■ Exercise ■
Would you copy, word for word, each line from the one with "This Wednesday 2/18, a" to the end of the listing below, skipping all pictures?
━━━ Data section ━━━
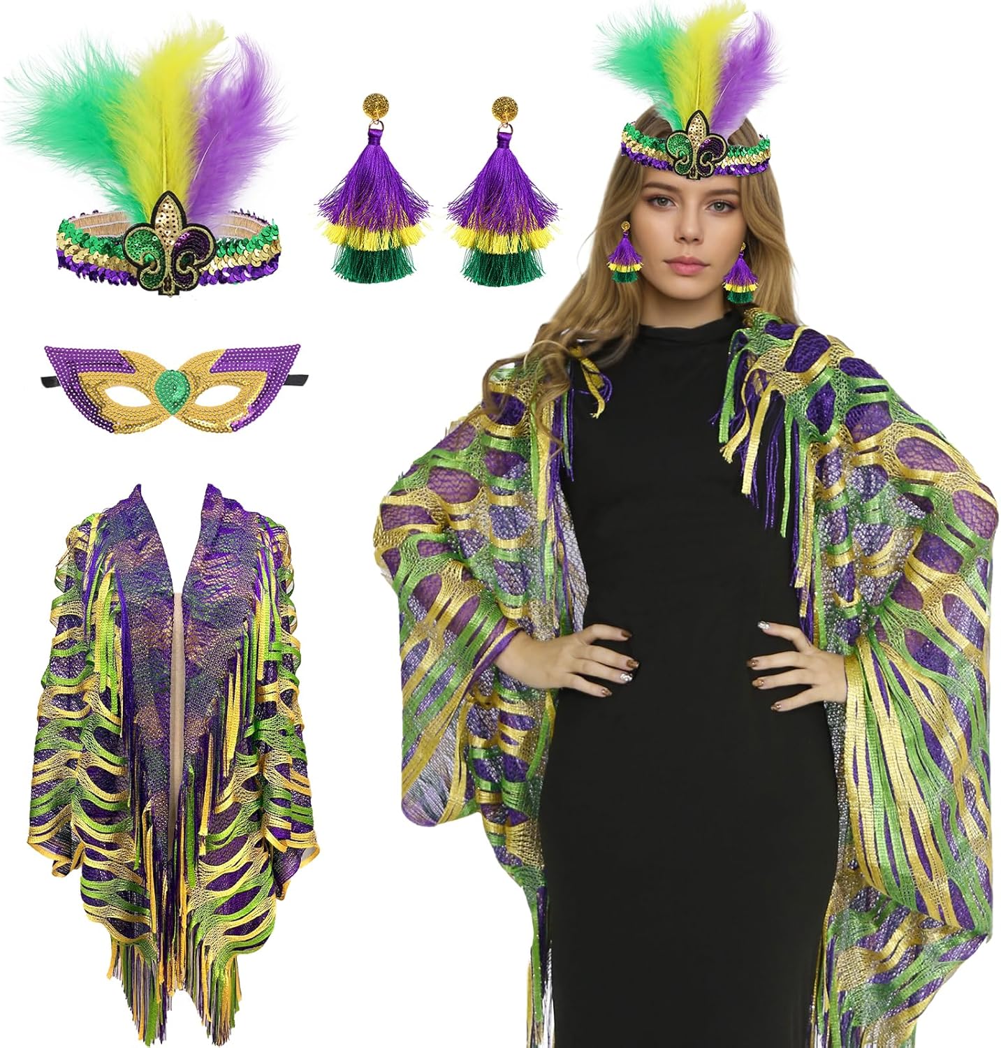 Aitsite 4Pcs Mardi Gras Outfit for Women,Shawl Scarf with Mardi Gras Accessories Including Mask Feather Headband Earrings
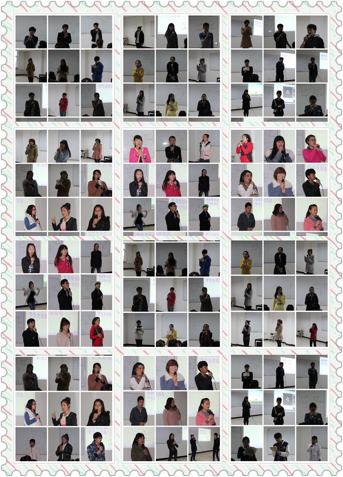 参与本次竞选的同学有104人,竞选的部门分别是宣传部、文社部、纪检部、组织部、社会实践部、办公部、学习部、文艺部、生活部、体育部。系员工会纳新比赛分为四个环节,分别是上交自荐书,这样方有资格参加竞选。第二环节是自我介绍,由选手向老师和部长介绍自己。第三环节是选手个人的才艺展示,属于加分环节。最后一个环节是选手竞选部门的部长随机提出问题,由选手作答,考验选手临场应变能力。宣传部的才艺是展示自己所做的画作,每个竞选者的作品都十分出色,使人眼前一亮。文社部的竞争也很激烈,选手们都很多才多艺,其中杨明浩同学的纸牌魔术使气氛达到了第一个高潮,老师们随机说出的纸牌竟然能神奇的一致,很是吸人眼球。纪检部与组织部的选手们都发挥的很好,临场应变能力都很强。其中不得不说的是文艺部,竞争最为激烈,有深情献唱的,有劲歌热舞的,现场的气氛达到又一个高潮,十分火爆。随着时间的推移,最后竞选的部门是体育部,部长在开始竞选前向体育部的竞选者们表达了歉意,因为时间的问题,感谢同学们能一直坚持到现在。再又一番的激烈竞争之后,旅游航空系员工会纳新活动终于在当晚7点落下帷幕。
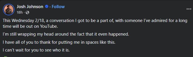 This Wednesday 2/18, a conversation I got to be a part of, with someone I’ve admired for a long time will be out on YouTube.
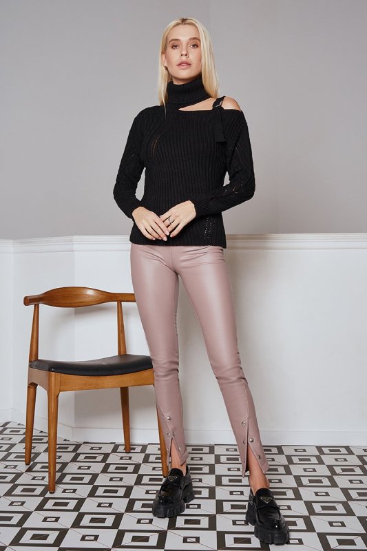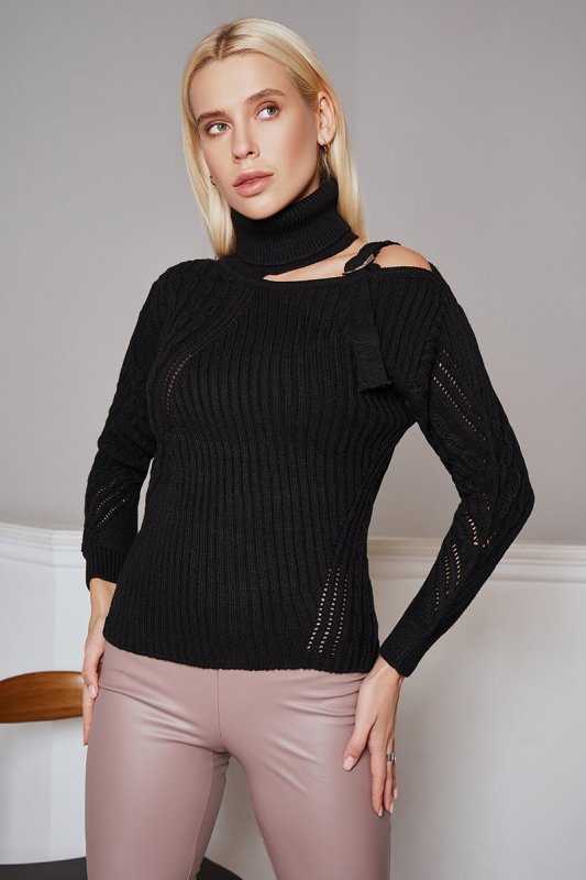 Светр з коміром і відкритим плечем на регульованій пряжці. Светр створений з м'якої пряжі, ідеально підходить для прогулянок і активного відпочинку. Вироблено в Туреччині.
━━━
■ Task response ■
 This Wednesday 2/18, a conversation I got to be a part of, with someone I’ve admired for a long time will be out on YouTube.
 Светр з коміром і відкритим плечем на регульованій пряжці. Светр створений з м'якої пряжі, ідеально підходить для прогулянок і активного відпочинку. Вироблено в Туреччині.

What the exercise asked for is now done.